Sunday, December 27, 2015

The Third Day of Christmas: Surrendering to the Divine Promise

There is a crucial word that must be part of the Advent and Christmas message, a word I have not  yet used. It is a word most of us avoid because it means something we do not easily handle and something we resist with all our being.  That word is “surrender.”  The act of surrender is repugnant to us.  It means “to cease resistance to an enemy or an opponent and submit to their authority.” The synonyms for the word do not help us at all and perhaps are even more repulsive to our spirits—words like,  capitulation, submission, yielding, succumbing, acquiescence, and resignation.  Who is willing to do that?  Who wants to do that?

Yet this word “surrender” is central to the preposterous promise of Advent and the deeper meaning of Christmas.  No annunciation can be heard without yielding.  A visit to the manger of Bethlehem (within the heart) is impossible without capitulating to the “song of the angels” as the shepherds did, or succumbing to the urge to “follow that Star” as the wise persons did long ago. 

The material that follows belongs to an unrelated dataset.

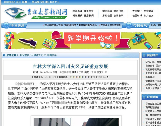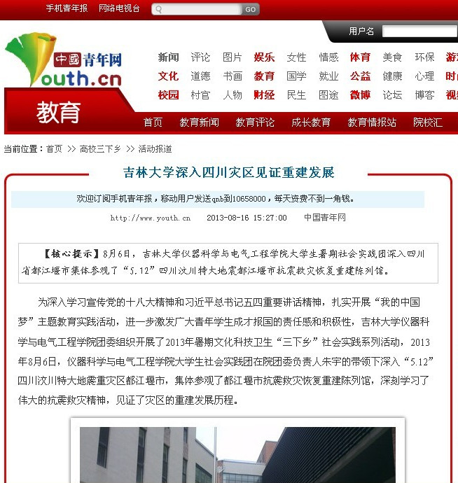 中国青年网由共青团中央主办,是国内最大的青年主流网站,也是全国大中专员工志愿者暑期“三下乡”社会实践活动官方网站。截止到目前,此次“深入四川灾区 见证重建发展”活动是HAHA体育2013年暑期“三下乡”社会实践活动中唯一一个受到中国青年网关注报道的活动。

The preposterous promise is that God has acted, is acting, and will continue to act until God’s dream for this world becomes a reality.  Christmas is about believing this promise.  It is about believing that the “Holy Spirit can overshadow us,” like Mary, and that a new birth can and will occur in us.  This is the work of Christmas, to believe at the deepest level of our beings that this promise can come true.  So it is, if we want anything to happen in us this Christmas, we have to surrender (submit, capitulate, yield, and succumb) to the promise and such surrendering goes against our grain!

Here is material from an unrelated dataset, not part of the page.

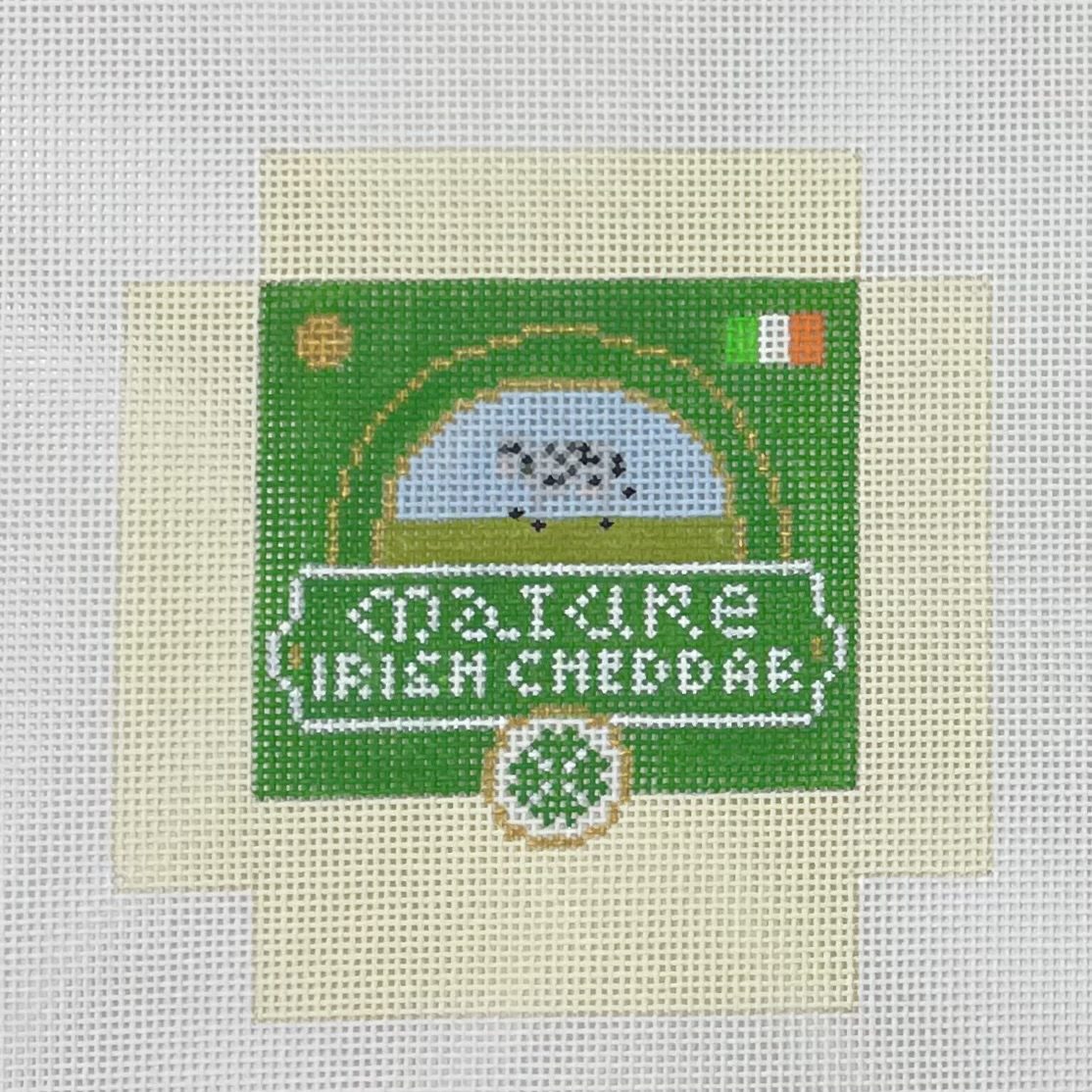18 count stitch painted Needlepoint Canvas. Once stitched and finished it becomes a three dimensional piece of wrapped cheese . Finished size 3″ x 3″ x 3/4″.

Come to think of it, we can’t even pray without surrendering—as in this prayer written by Howard Thurman:

Our little lives, our big problems—these we place upon Thy altar!
Brood over our spirits, our Father,
Blow upon whatever dream Thou hast for us
That there may glow once again upon our hearths,
The fire of Thy contagion.
Pour out upon us whatever our spirits need of shock, of lift, of release
That we may find strength for these days—
Courage and hope for tomorrow.
In confidence we rest in Thy sustaining grace
Which makes possible triumph in defeat, gain in loss, and love in hate.
We rejoice this day to say:

Our little lives, our big problems—these we place upon Thy altar!